Data provided:
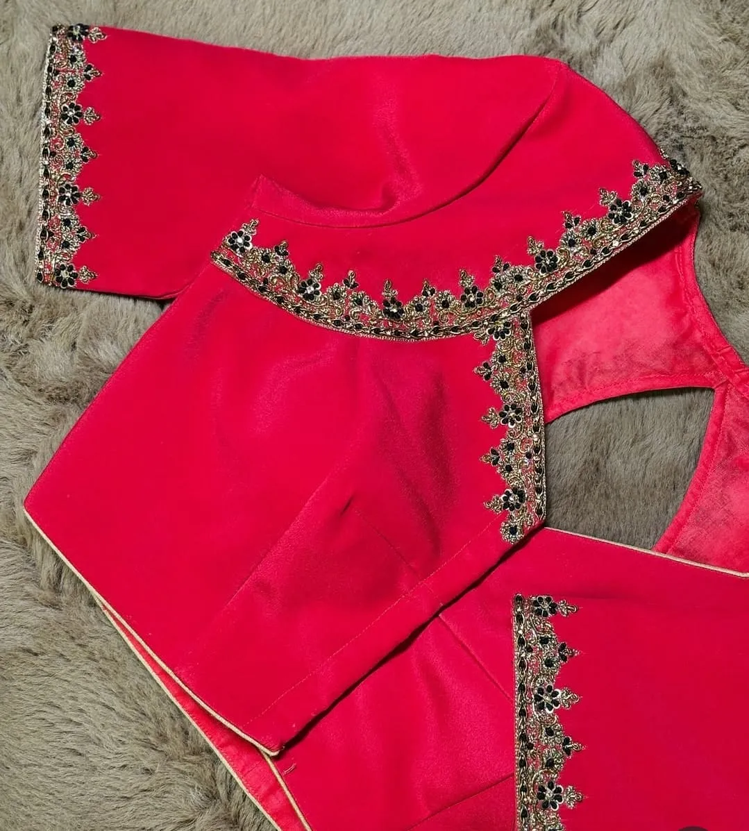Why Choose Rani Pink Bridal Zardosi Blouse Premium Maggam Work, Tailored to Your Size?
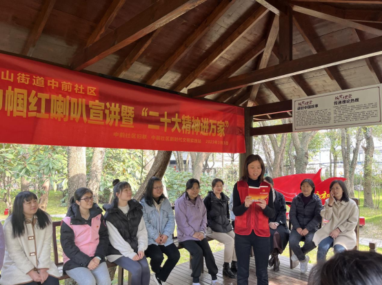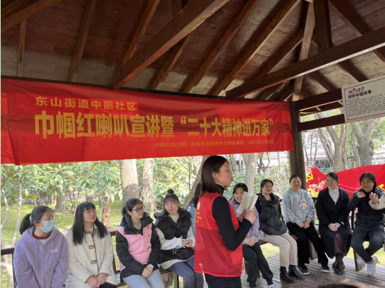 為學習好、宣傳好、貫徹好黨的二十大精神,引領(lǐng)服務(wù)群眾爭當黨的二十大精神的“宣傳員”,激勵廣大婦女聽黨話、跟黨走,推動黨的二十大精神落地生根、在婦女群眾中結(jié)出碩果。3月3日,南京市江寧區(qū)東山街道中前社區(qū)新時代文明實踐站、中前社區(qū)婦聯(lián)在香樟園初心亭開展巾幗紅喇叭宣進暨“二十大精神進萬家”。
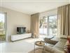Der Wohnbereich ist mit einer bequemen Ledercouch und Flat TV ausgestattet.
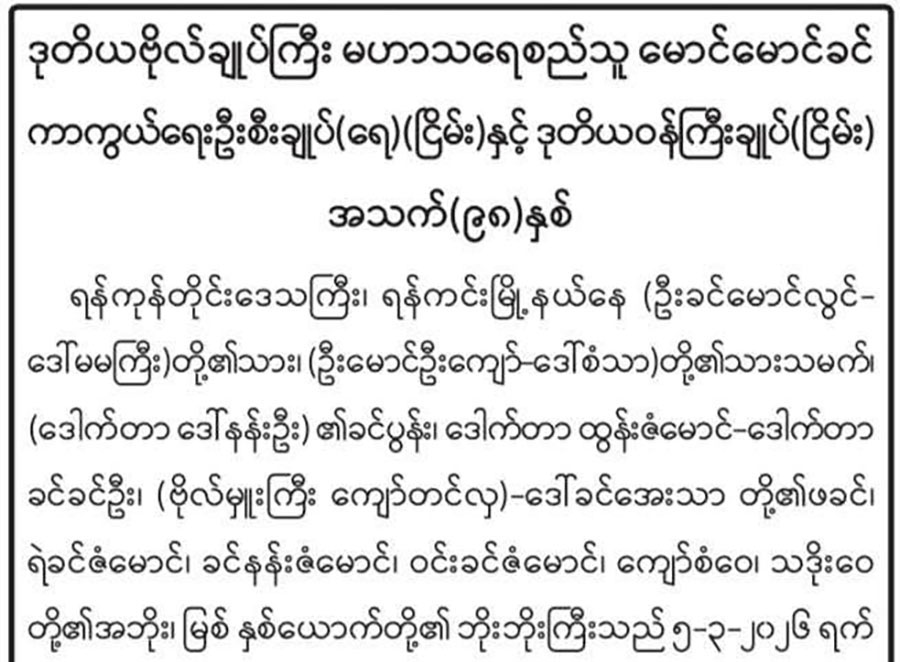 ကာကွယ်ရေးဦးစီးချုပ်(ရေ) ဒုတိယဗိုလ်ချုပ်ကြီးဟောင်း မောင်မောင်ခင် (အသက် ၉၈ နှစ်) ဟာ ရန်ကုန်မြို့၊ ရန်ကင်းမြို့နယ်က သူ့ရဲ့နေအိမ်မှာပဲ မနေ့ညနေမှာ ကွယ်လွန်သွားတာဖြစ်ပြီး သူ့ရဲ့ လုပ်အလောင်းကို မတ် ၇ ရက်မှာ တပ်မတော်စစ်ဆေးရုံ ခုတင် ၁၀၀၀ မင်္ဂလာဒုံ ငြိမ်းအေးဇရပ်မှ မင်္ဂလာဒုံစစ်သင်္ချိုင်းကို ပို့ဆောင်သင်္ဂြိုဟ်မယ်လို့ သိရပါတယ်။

Brief: Retype verbatim only the lines beginning with the line that contains "為學習好、宣傳好、貫徹好黨的" and ending with the last line of the listing above; pictures are to be excluded.

Answer section:
 為學習好、宣傳好、貫徹好黨的二十大精神,引領(lǐng)服務(wù)群眾爭當黨的二十大精神的“宣傳員”,激勵廣大婦女聽黨話、跟黨走,推動黨的二十大精神落地生根、在婦女群眾中結(jié)出碩果。3月3日,南京市江寧區(qū)東山街道中前社區(qū)新時代文明實踐站、中前社區(qū)婦聯(lián)在香樟園初心亭開展巾幗紅喇叭宣進暨“二十大精神進萬家”。
Der Wohnbereich ist mit einer bequemen Ledercouch und Flat TV ausgestattet.
 ကာကွယ်ရေးဦးစီးချုပ်(ရေ) ဒုတိယဗိုလ်ချုပ်ကြီးဟောင်း မောင်မောင်ခင် (အသက် ၉၈ နှစ်) ဟာ ရန်ကုန်မြို့၊ ရန်ကင်းမြို့နယ်က သူ့ရဲ့နေအိမ်မှာပဲ မနေ့ညနေမှာ ကွယ်လွန်သွားတာဖြစ်ပြီး သူ့ရဲ့ လုပ်အလောင်းကို မတ် ၇ ရက်မှာ တပ်မတော်စစ်ဆေးရုံ ခုတင် ၁၀၀၀ မင်္ဂလာဒုံ ငြိမ်းအေးဇရပ်မှ မင်္ဂလာဒုံစစ်သင်္ချိုင်းကို ပို့ဆောင်သင်္ဂြိုဟ်မယ်လို့ သိရပါတယ်။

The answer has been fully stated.